For our #CyberSecMonth campaign, Alessandro Inzerilli, network and security engineer at the Italian Research and Education Network GARR, explains why you should always use a #VPN, such as #eduVPN, when using such unsecured networks.
🔗 https://connect.geant.org/csm24
#CSM24 #CyberSecurityAwareness #Cybersecurity #SecurityAwareness #ECSM #Network #WiFiSecurity #Spoofing #ManInTheMiddle #WiFi
-
Linksys Velop routers send Wi-Fi passwords in plaintext to US servers
Link
📌 Summary:
根據Testaankoop的調查,發現兩款Linksys路由器正在以明文的方式將Wi-Fi登入資訊傳送到位於美國的亞馬遜(AWS)伺服器,包括Linksys Velop Pro 6E和Velop Pro 7這兩款mesh路由器。這個漏洞讓攻擊者能夠攔截傳輸過程中的Wi-Fi網路名稱(SSID)和密碼,從而進行竊聽和惡意攻擊。儘管Testaankoop多次向Linksys提出警告,但該公司並未採取有效措施,直到Testaankoop再次聯絡後才進行了更新,但仍未解決問題。這個問題可能源於Linksys固件中使用的第三方軟體,但無論如何,這種漏洞仍然存在,即使是最新的Linksys 7 Pro,都無法避免。研究人員建議消費者不要購買這些路由器,因為存在嚴重的網路入侵和資料損失的風險。
🎯 Key Points:
Testaankoop發現兩款Linksys路由器在明文中將Wi-Fi登入資訊傳送到AWS伺服器,包括Linksys Velop Pro 6E和Velop Pro 7。
這個漏洞讓攻擊者能夠攔截SSID和密碼,進行竊聽和惡意攻擊。
Testaankoop多次向Linksys提出警告,但該公司未採取有效措施。
更新後的固件仍無法解決問題。
這個問題可能源於Linksys固件中使用的第三方軟體,但無論如何,這種漏洞仍然存在。
研究人員建議不要購買這些路由器,並建議用戶更改Wi-Fi網路名稱和密碼。
#Linksys #router #meshnetworking #dataprotection #cybersecurity #vulnerability #AWS #thirdpartysoftware #SSID #password #cleartext #plaintext #man-in-the-middle #attack #firmware #security #wiring #hacking #officeenvironments #Patagonia #AI #privacyviolation #classactionlawsuit #Snowflake #MFA #databreaches
🔖 Keywords:
#Linksys #router #meshnetworking #dataprotection #cybersecurity #vulnerability #AWS #thirdpartysoftware #SSID #password #cleartext #plaintext #man-in-the-middle #attack #firmware #security #wiring #hacking #officeenvironments #Patagonia #AI #privacyviolation #classactionlawsuit #Snowflake #MFA #databreaches -
RADIUS protocol vulnerable to new Blast-RADIUS attack
https://stackdiary.com/radius-protocol-vulnerable-to-new-blast-radius-attack/
#BlastRADIUS #Cybersecurity #NetworkSecurity #RADIUS #Vulnerability #MD5 #UDP #Hack #ManInTheMiddle #Encryption #Authentication #Authorization #SecurityThreat #DataBreach #CyberAttack #NetworkProtection #SecureNetworks #TLS #SecurityPatch #NetworkAdmin #TechNews #ITSecurity #DigitalDefense #Infosec #SecureProtocol #CryptoStandards #SecurityUpdate #TechSecurity #NetworkSafety #CyberDefense #DataSecurity
-
Protection against user session attacks (hijack, replay, tampering, CSRF, XSS...)

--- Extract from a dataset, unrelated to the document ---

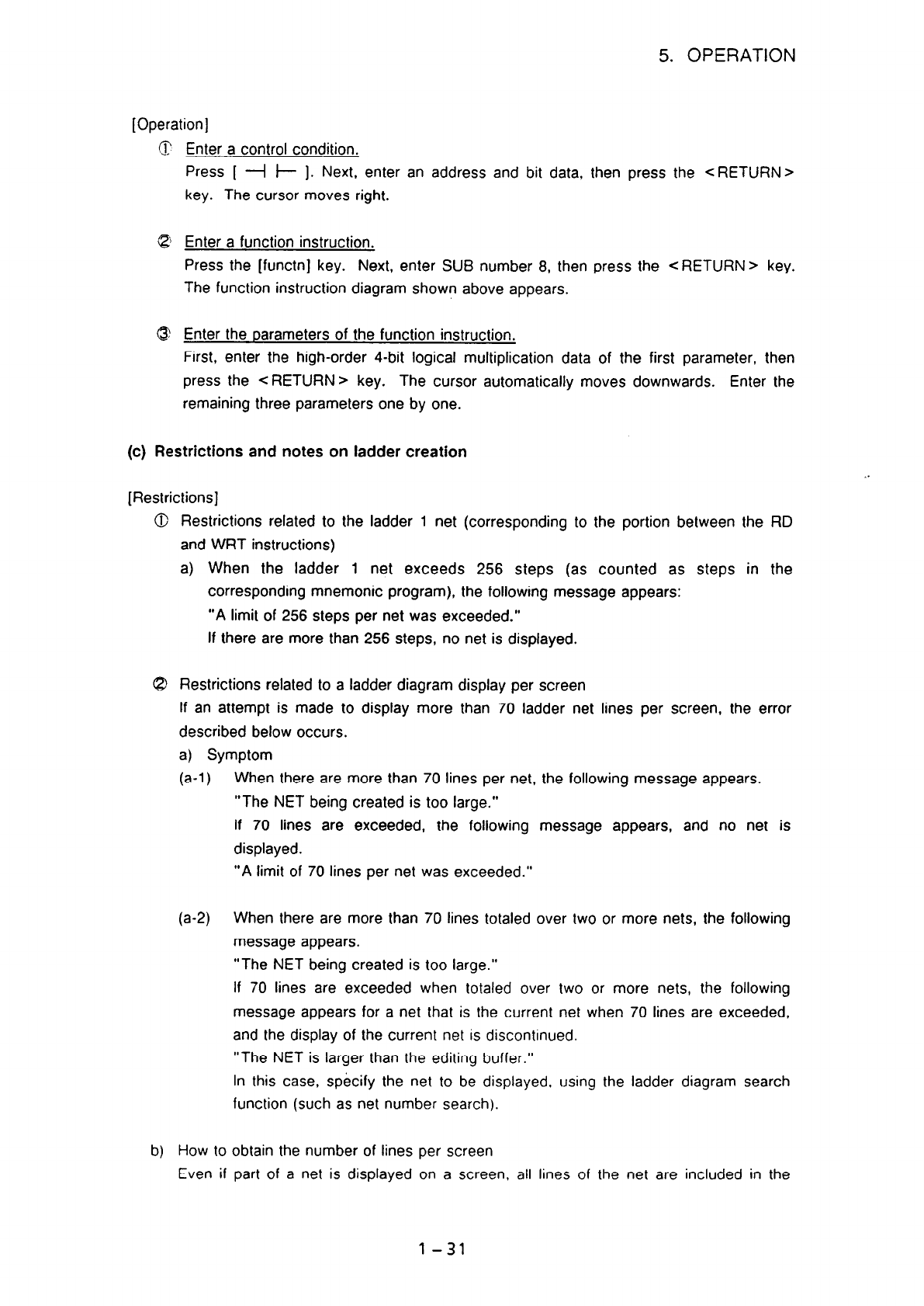 If an attempt is made to display more than 70 ladder net lines per screen, the error

https://security.stackexchange.com/questions/268882/protection-against-user-session-attacks-hijack-replay-tampering-csrf-xss
#sessionmanagement #attackprevention #sessionfixation #maninthemiddle -
Is my network intercepted or poisoned?
https://security.stackexchange.com/questions/268827/is-my-network-intercepted-or-poisoned
#maninthemiddle #arpspoofing -
Here's a #LibreWolf ticket that was opened last year in the hope that they would include #ManInTheMiddle attack defense.

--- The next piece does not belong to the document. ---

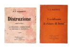 In-8° (mm 213x155). Pagine 23, [1]. Esemplare in barbe, con i margini esterni delle pagg. 1-4 e 23-24 ricostruiti. Brossura originale arancione con titoli impressi in nero al piatto anteriore. Dorso completamente ricostruito e piatti controfondati, con mancanza marginali reintegrate. SI AGGIUNGE: Id., Distruzione. Poema futurista. 1° migliaio. Milano: Edizioni futuriste di Poesia, 1911. Esemplare con difetti da controllare. (2) I OPERA: Terzo fondamentale manifesto futurista, redatto in italiano e francese nel luglio 1909 e pubblicato con altro titolo. Questo nostro opuscolo rappresenta la quarta edizione, la prima con il titolo definitivo e la più ricercata perché legata a una famosa scazzottata futurista, la rissa con i vociani del 22 giugno 1911; dopo essere stati arrestati, in guardina vociani e futuristi fraternizzano e Marinetti racconta che «Prezzolini benché sanguinante tentava ancora di mordere con ironia il mio manifesto Uccidiamo il chiaro di luna!». Si veda Cammarota, Marinetti 29; Cangiulo, Serate futuriste 17. II OPERA: Si veda lotto precedente.

https://web.archive.org/https://gitlab.com/librewolf-community/browser/linux/-/issues/119
-
Its pretty clear that #TorProject are compromised:
https://web.archive.org/web/20200301013104/https://trac.torproject.org/projects/tor/ticket/24351All it takes to warn the user of a large-scale #manInTheMiddle (#AmazonCloudfront, #Akamai, #CFlare) is to display a pleasant warning page, prompting to "Go Back (recommended)".
#TorBrowser could store that the site is compromised so during subsequent attempts to visit, a similar warning appears preemptively.
An orange HTTPS icon would help too.